____ DATA SUPPLIED

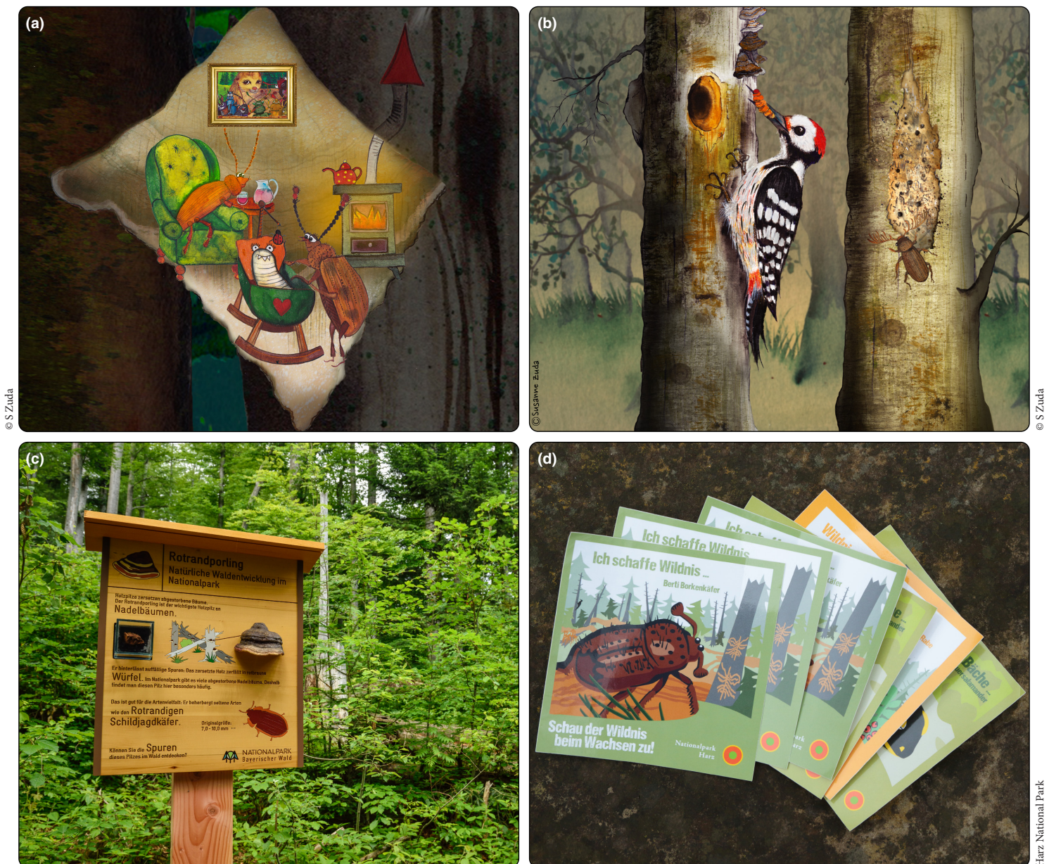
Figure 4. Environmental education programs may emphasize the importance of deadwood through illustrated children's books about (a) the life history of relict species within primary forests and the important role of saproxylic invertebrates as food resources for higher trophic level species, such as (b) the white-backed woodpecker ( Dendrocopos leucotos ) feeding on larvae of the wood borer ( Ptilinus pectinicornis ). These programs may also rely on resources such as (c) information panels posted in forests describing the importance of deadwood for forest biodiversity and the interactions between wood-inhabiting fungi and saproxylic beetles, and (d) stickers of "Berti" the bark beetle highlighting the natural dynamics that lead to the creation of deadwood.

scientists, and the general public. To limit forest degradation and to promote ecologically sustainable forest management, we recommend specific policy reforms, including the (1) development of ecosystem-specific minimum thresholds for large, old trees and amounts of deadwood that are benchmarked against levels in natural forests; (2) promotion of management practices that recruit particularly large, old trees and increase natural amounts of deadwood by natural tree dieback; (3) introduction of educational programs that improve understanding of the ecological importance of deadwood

________
____ DATA SUPPLIED

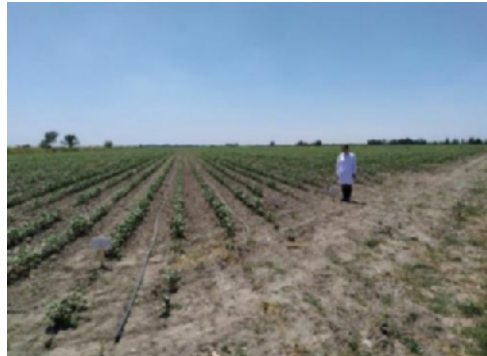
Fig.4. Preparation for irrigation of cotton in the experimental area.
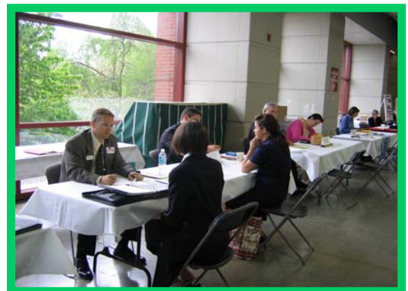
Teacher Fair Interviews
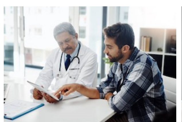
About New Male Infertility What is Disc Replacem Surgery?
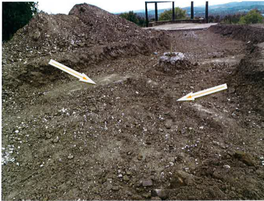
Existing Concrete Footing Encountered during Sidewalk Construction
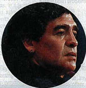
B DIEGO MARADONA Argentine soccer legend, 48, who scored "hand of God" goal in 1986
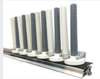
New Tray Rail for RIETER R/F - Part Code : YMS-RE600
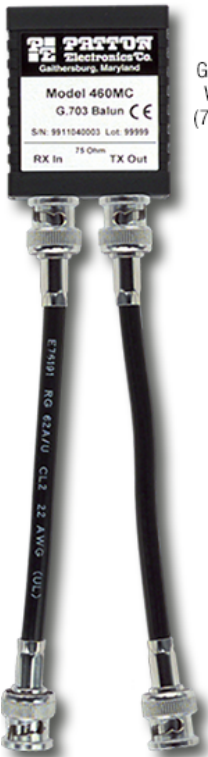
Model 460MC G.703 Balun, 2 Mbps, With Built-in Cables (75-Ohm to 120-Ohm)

________

In the listing above, find the line containing "About New Male". Output it and every line after it up to and including the line containing "Model 460MC G.703", exactly, but skip the pictures.

About New Male Infertility What is Disc Replacem Surgery?
Existing Concrete Footing Encountered during Sidewalk Construction
B DIEGO MARADONA Argentine soccer legend, 48, who scored "hand of God" goal in 1986
New Tray Rail for RIETER R/F - Part Code : YMS-RE600
Model 460MC G.703 Balun, 2 Mbps, With Built-in Cables (75-Ohm to 120-Ohm)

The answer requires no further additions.